I opened my mouth, and Reese shot me a warning look that told me to keep it shut unless I wanted my other shoulder taken out of action. So I shut it.

Frost Bank Center was buzzing by the time we got inside. Staff weaving through hallways, reporters setting up equipment. Holly walked briskly, heels clicking, handing each of us a printed script that seemed to appear out of nowhere.

Reese took hers like it was a live grenade. I folded mine and stuck it in my pocket.

“You’re not even going to look at it?” Holly asked.

“I’ve got nothing to hide,” I said, shrugging. “They can ask whatever they want.”

Reese’s gaze snapped up, sharp enough to cut through Kevlar. I ignored it and flashed them both a reassuring smile. “Relax, ladies. Let’s enjoy the limelight for what it is.”

“For what it is,” Reese muttered, as if the phrase personally offended her. She hunched over the script again as we walked, trusting me to be the guide that kept her from ramming into a wall.

We reached the double doors to the press room. Holly slipped inside first, already sliding seamlessly into PR-warrior mode. I tried to follow, but Reese caught me before I’d even made it over the threshold.

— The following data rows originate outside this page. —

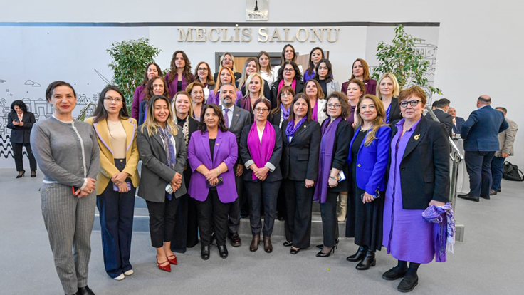 İzmir Büyükşehir Belediye Meclisi’nin CHP'li kadın meclis üyeleri, 8 Mart Dünya Emekçi Kadınlar Günü kapsamında basın açıklaması yaptı. Kadın meclis üyeleri adına konuşan CHP Grup Sözcüsü Elvin Sönmez Güler, siyasette var olmanın, yalnızca temsil edilmek olmadığını kaydederek “Siyasette var olmak, bu düzenin kurallarını değiştirmektir. Kadınlar siyasete girdiğinde siyaset değişir. Ezberler bozulur, adalet büyür, ses yükselir, gerçek demokrasi filizlenir. İşte bu yüzden her fırsatta önümüze yeni duvarlar örenler bilsinler ki, biz o duvarları yıkmaya geldik. Bu ülkenin geleceğini, bir avuç erkeğin kararlarına ya da onların gölgesinde alınan kararlara terk etmeyeceğiz. Belediyelerde, meclislerde, meydanlarda, sokaklarda kadınların sesi yükseldikçe, eşitliğin, adaletin ve özgürlüğün sesi yükselecek. Kadınlar durursa hayat durur; kadınlar kazanırsa herkes kazanır. İzmir Büyükşehir Belediyesi Meclisi’nin kadın üyeleri olarak buradan ilan ediyoruz; hiçbir yere gitmiyoruz. Siyaseti değiştireceğiz, hayatı değiştireceğiz, bu düzeni değiştireceğiz” diye konuştu.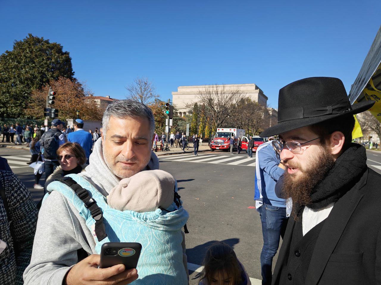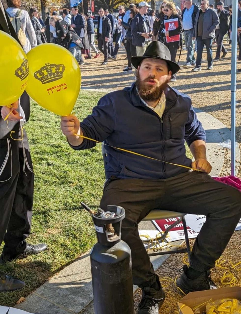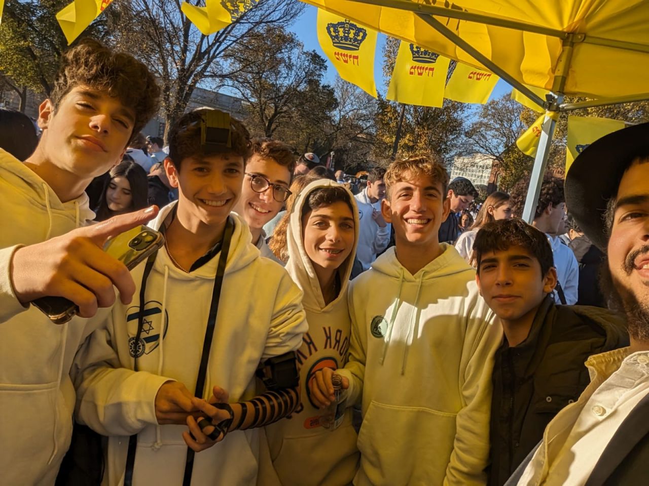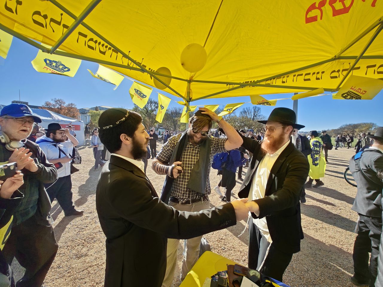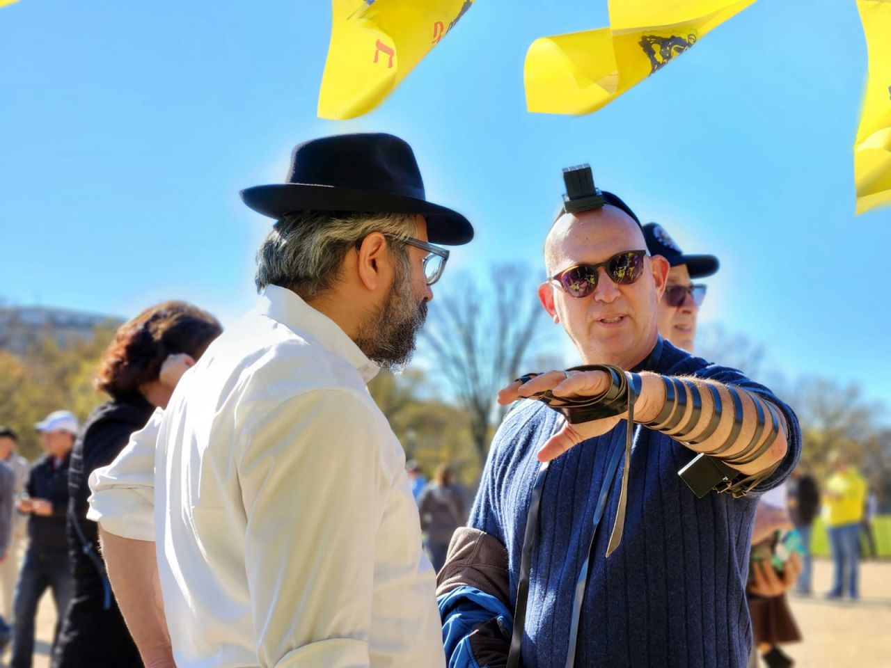 לצד מאות אלפי המפגינים, הגיעו למקום (איך לא..) היישר מניו יורק שלושה 'טנקים' שמתוכם זינקו עשרות בחורי ישיבה חב"דיים. המשימה - להניח לכמה שיותר יהודים תפילין, לחבר אותם לנקודה היהודית שלהם ולספר להם על הרבי מלך המשיח שליט"א ועל נבואתו באשר לגאולה הקרובה.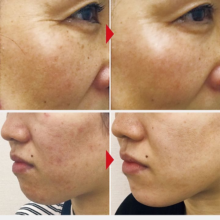 上:54歳女性の1カ月の使用経過。目尻のシワや頰のシミが薄くなり、頰にはハリ感が。下:30歳の女性の1カ月の使用経過。毛穴の開きや頰全体の赤みが軽減。全体的にトーンアップした肌印象に。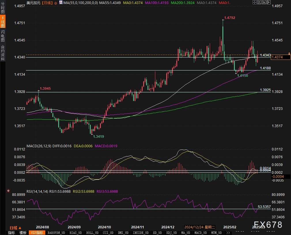 阻力位:1.4450(前高)、1.4500(整数位);支撑位:1.4300(周内低点)。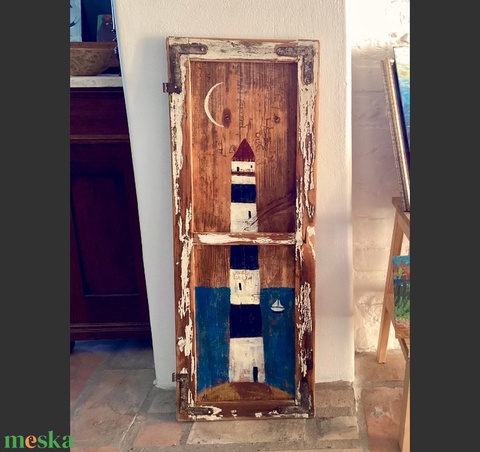 Világítótorony - Ajándék ötlet, Rusztikus Dekoráció, Fatábla, Ablak, Tenger, Gyerekszoba, Vitorlás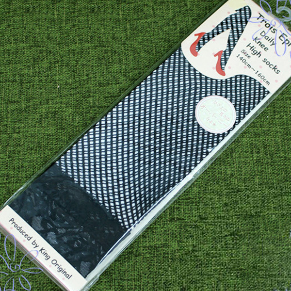 レース付き細メッシュニーハイソックス 黒 140〜160cm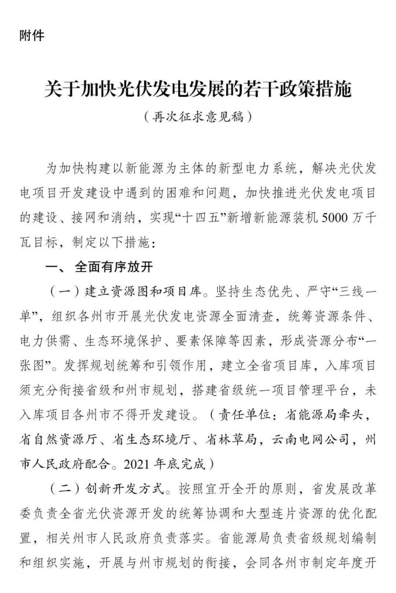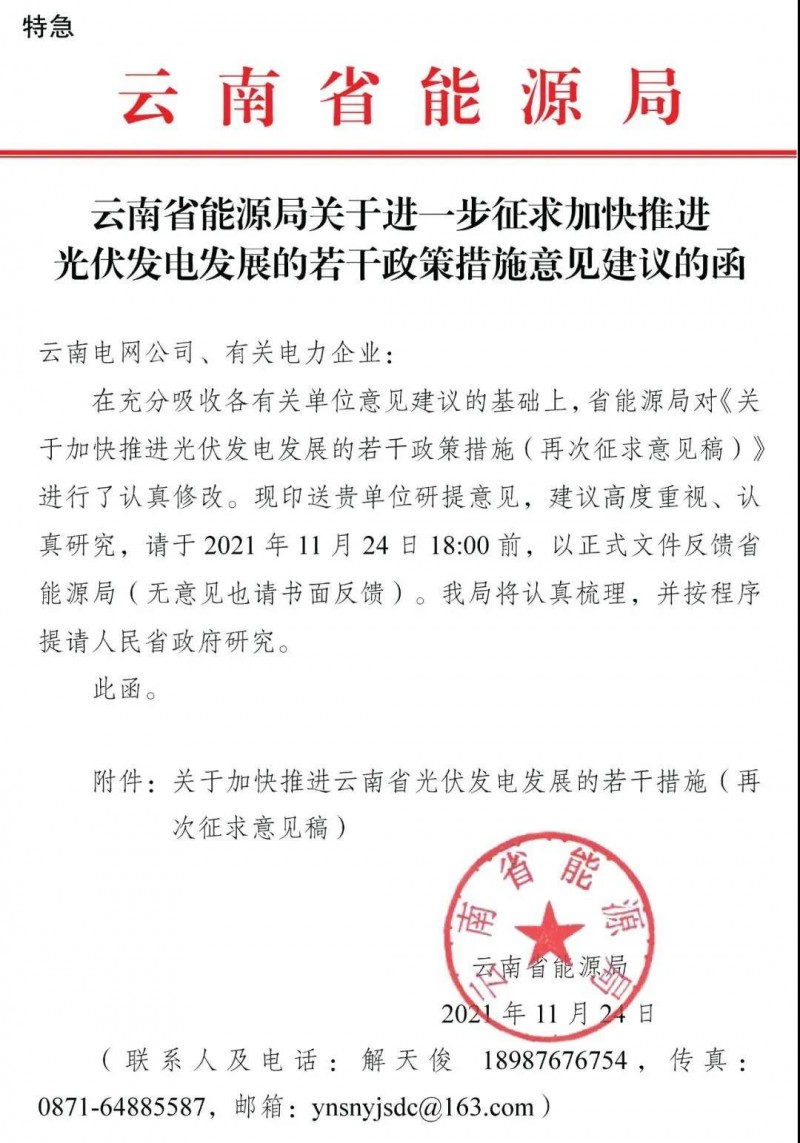 11月24日,云南省能源局下發(fā)《關(guān)于進(jìn)一步加快推進(jìn)光伏發(fā)電發(fā)展的若干政策措施意見(jiàn)建議的函》,就云南光伏光伏給出指導(dǎo)意見(jiàn)。

She tugged me back into the hallway. “Why aren’t you freaking out? You should be freaking out. This is… this could…” She swallowed. “If this goes badly, it could be the end of your playoffs. Maybe worse.”

It should’ve scared me. Maybe last year it would have. But fear would require me believing the same bullshit the media was pushing, and I didn’t.

“I’m fine, Hopper. And my shoulder’s fine.”

Her eyes said she didn’t believe a word of it. But she also knew she couldn’t drag me down the hallway and lecture me without an audience forming. So she just stared, jaw tight, fingers clenched around that trembling sheet of paper.

I nudged her gently toward the door. “C’mon. Let’s get this over with.”

Inside, the press room was a hub of activity with lights warming the stage, reporters shifting in their seats, cameras adjusting focus. Reese stuck close beside me, practically under my arm. Eyes glued to the script.

Coach spotted us before we spotted him. He cut through the cluster of voices with that big, booming laugh he saved for media days. I angled toward him, already gearing up to reassure Reese, but I only got halfway through turning when I felt the air shift.

I didn’t notice. Not really. Not until it was too late.

Coach’s hand was already up. Already coming down. A friendly slap between teammates. A harmless pat a coach gives his top guy to say you’ve got this, kid. The kind of thing I’d taken a thousand times.

Except this time it landed square on my bad shoulder.

The sound wasn’t loud. Not compared to cameras adjusting or reporters rustling their notes. But the pain…

I couldn’t swallow it. Couldn’t mask it. Couldn’t do a single thing fast enough.

The noise tore out of me before I had a chance to bite it back. A sharp, guttural cry that ricocheted off the walls and snapped the entire room into stillness.

A beat of silence.

Then the entire place erupted.

Voices swelled, reporters rushed forward. Cameras angled toward me with predatory precision. Reese froze, horror draining all the color from her face.

And me?

I stood there, chest heaving, shoulder screaming, every lens in the room capturing the exact thing we’d spent months keeping quiet.

My pain.

On camera.

In real time.

And there wasn’t a goddamn thing I could do about it.